======== Data under study
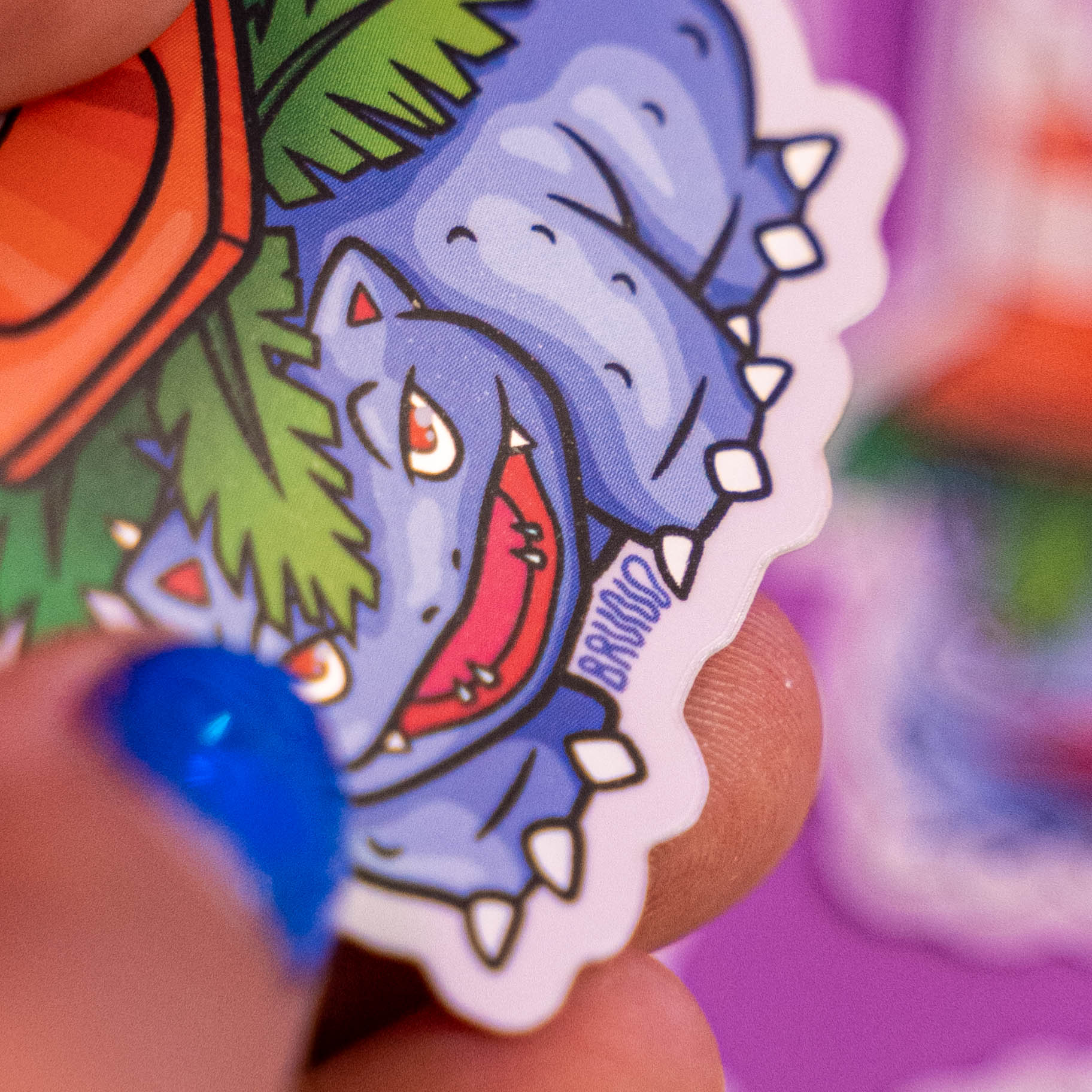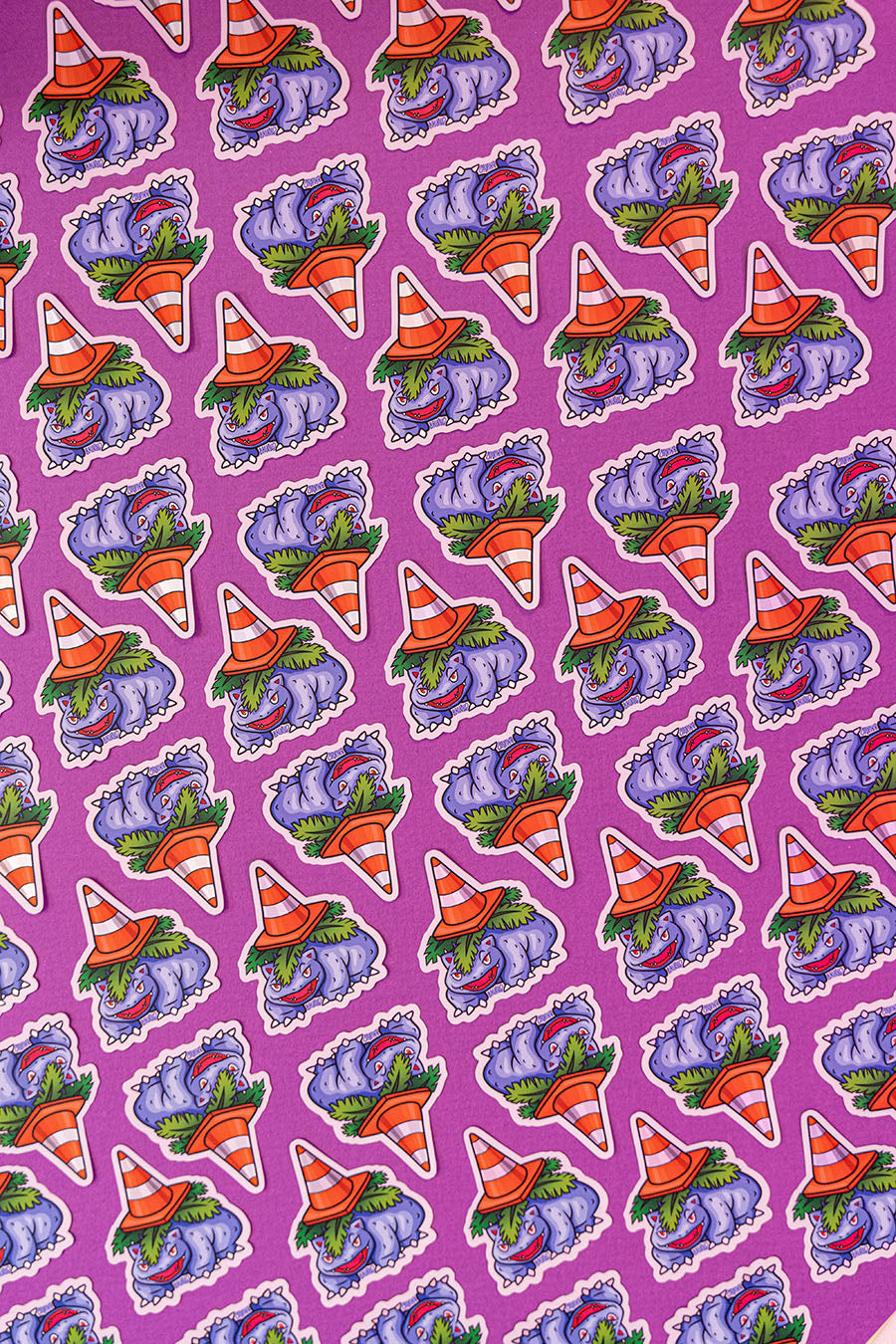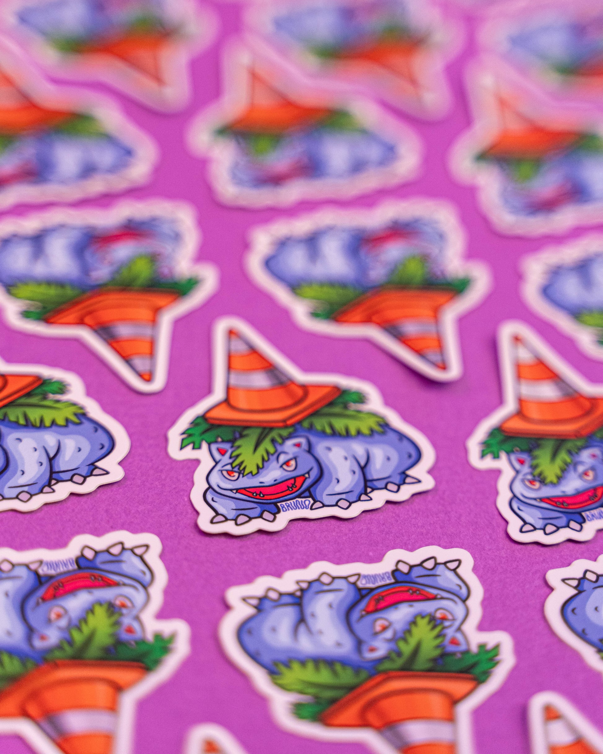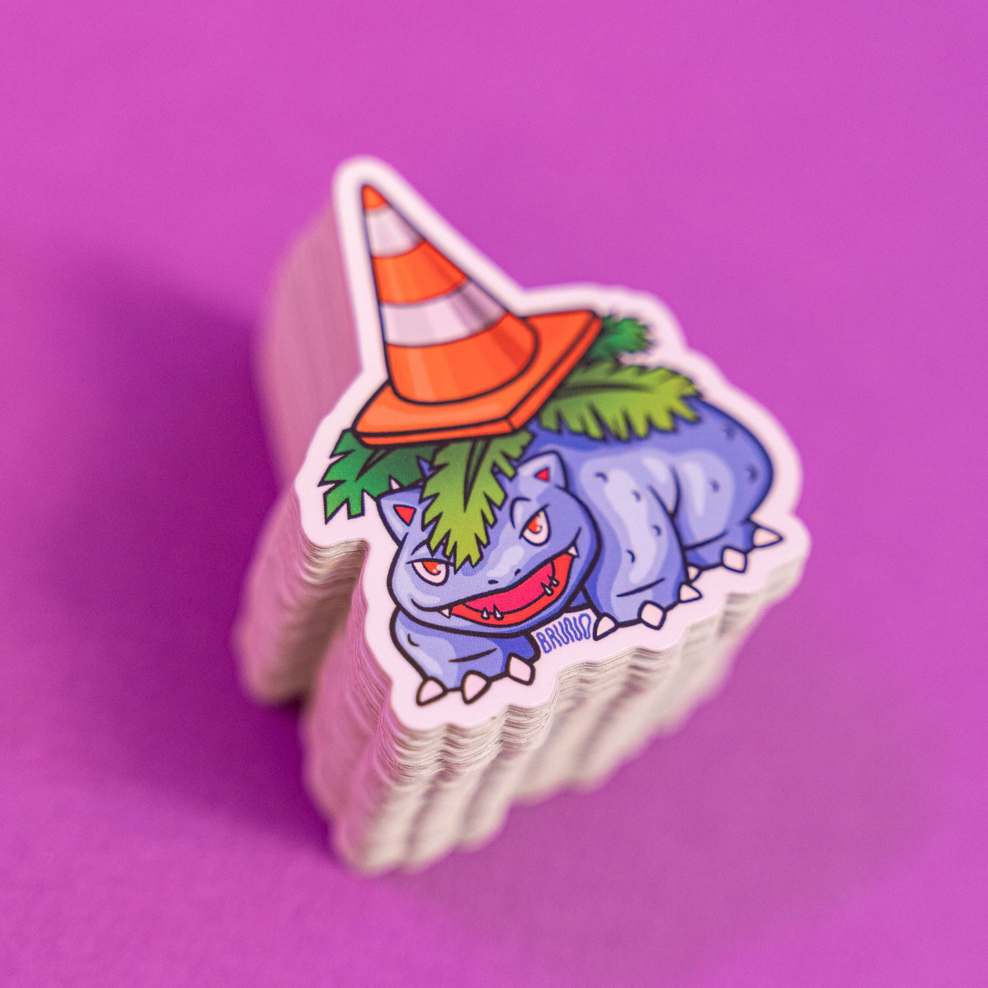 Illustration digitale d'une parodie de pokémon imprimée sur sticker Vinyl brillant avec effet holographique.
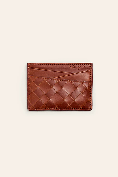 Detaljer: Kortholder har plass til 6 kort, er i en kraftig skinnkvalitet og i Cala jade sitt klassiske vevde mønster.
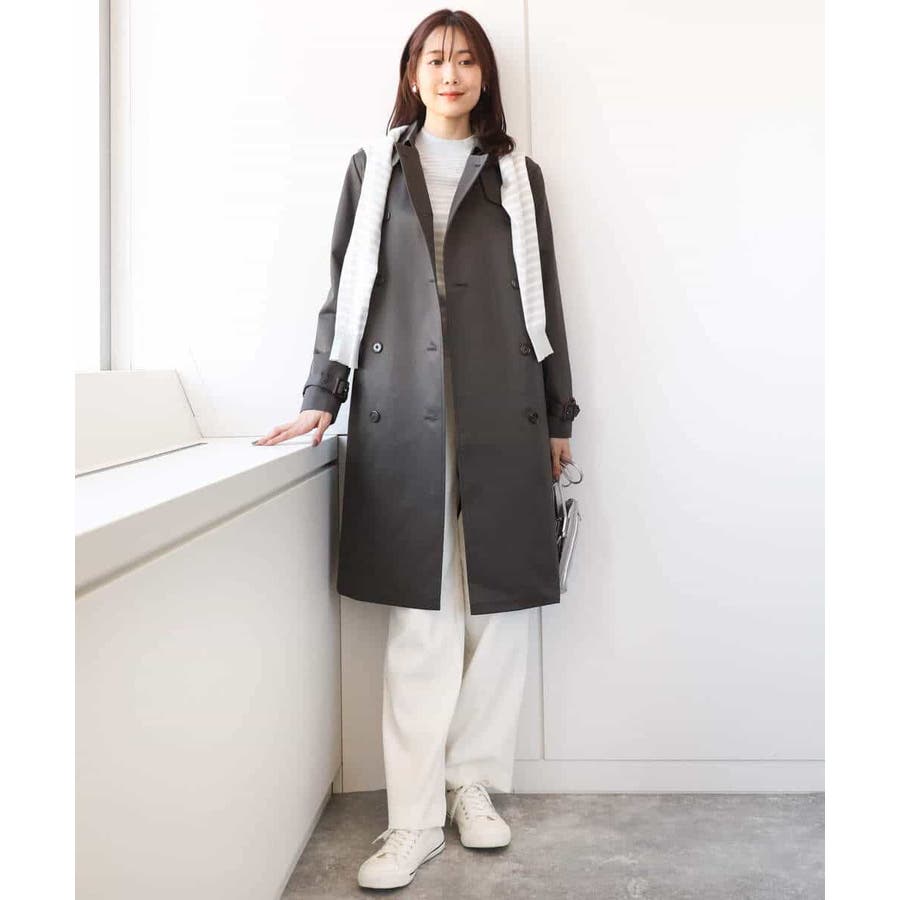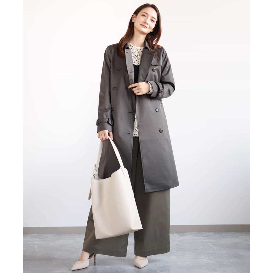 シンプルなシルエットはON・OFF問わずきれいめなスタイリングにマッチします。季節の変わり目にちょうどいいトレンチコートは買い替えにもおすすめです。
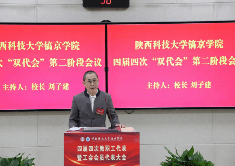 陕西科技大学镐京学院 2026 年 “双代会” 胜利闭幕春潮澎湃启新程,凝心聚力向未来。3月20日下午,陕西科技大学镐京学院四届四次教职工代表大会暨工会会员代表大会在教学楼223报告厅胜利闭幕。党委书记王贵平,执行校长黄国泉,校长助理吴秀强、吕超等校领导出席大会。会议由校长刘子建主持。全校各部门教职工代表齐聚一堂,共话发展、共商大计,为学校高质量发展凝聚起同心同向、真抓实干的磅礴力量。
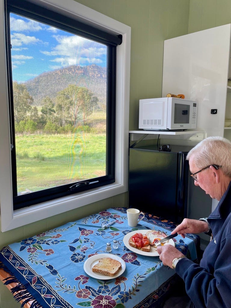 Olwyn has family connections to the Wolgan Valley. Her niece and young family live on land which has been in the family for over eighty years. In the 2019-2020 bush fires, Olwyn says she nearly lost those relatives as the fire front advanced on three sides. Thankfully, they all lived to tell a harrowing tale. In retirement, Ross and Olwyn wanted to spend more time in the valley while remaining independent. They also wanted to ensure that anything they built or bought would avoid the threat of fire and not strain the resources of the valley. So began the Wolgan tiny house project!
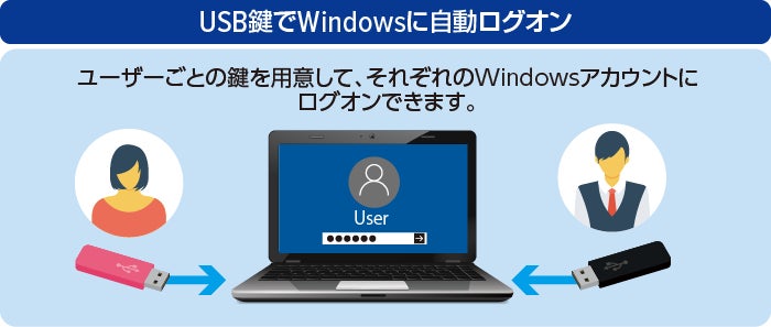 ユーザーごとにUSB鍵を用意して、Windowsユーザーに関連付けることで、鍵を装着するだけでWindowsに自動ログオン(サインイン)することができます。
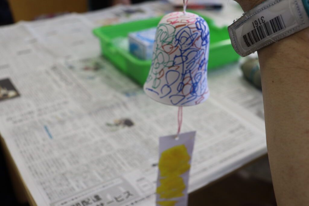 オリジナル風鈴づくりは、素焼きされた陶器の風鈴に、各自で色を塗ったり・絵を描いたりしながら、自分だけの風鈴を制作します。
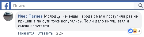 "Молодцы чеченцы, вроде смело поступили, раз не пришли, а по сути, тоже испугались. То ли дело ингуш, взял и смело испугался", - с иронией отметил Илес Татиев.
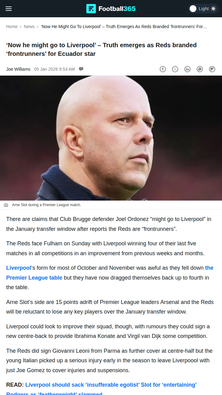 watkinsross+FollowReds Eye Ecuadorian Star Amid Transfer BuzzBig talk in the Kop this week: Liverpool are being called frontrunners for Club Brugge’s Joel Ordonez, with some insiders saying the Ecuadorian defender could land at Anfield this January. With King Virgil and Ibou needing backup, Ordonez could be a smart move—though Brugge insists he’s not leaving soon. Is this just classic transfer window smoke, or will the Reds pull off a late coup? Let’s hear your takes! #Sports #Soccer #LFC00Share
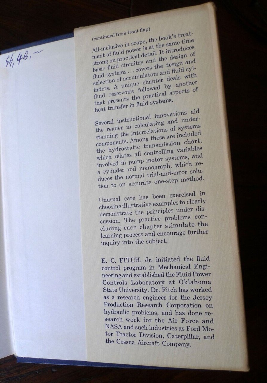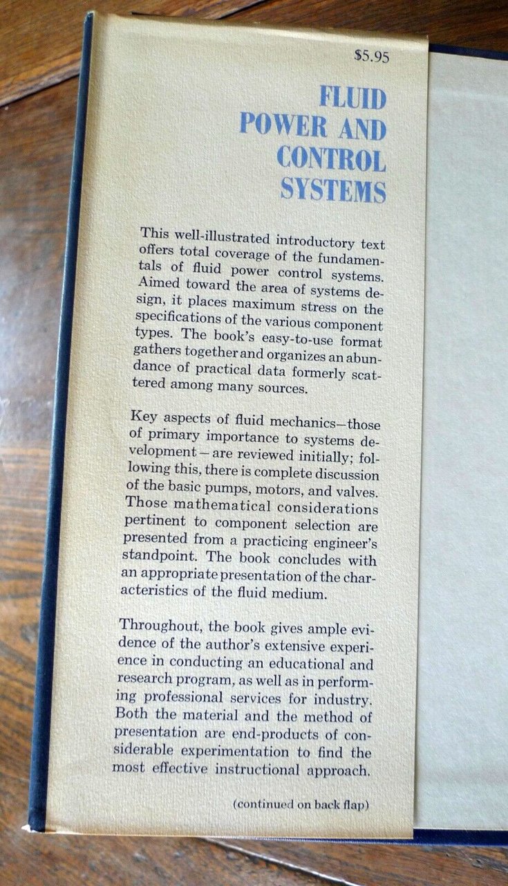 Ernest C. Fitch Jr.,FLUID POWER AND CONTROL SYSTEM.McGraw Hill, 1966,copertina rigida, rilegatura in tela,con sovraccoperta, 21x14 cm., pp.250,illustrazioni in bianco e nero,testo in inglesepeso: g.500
================
The task:
Take only the lines above from the one that has "Detaljer: Kortholder har" through the one that has "陕西科技大学镐京学院 2026 年" and reproduce them exactly, omitting any pictures.

Response area:
 Detaljer: Kortholder har plass til 6 kort, er i en kraftig skinnkvalitet og i Cala jade sitt klassiske vevde mønster.
 シンプルなシルエットはON・OFF問わずきれいめなスタイリングにマッチします。季節の変わり目にちょうどいいトレンチコートは買い替えにもおすすめです。
 陕西科技大学镐京学院 2026 年 “双代会” 胜利闭幕春潮澎湃启新程,凝心聚力向未来。3月20日下午,陕西科技大学镐京学院四届四次教职工代表大会暨工会会员代表大会在教学楼223报告厅胜利闭幕。党委书记王贵平,执行校长黄国泉,校长助理吴秀强、吕超等校领导出席大会。会议由校长刘子建主持。全校各部门教职工代表齐聚一堂,共话发展、共商大计,为学校高质量发展凝聚起同心同向、真抓实干的磅礴力量。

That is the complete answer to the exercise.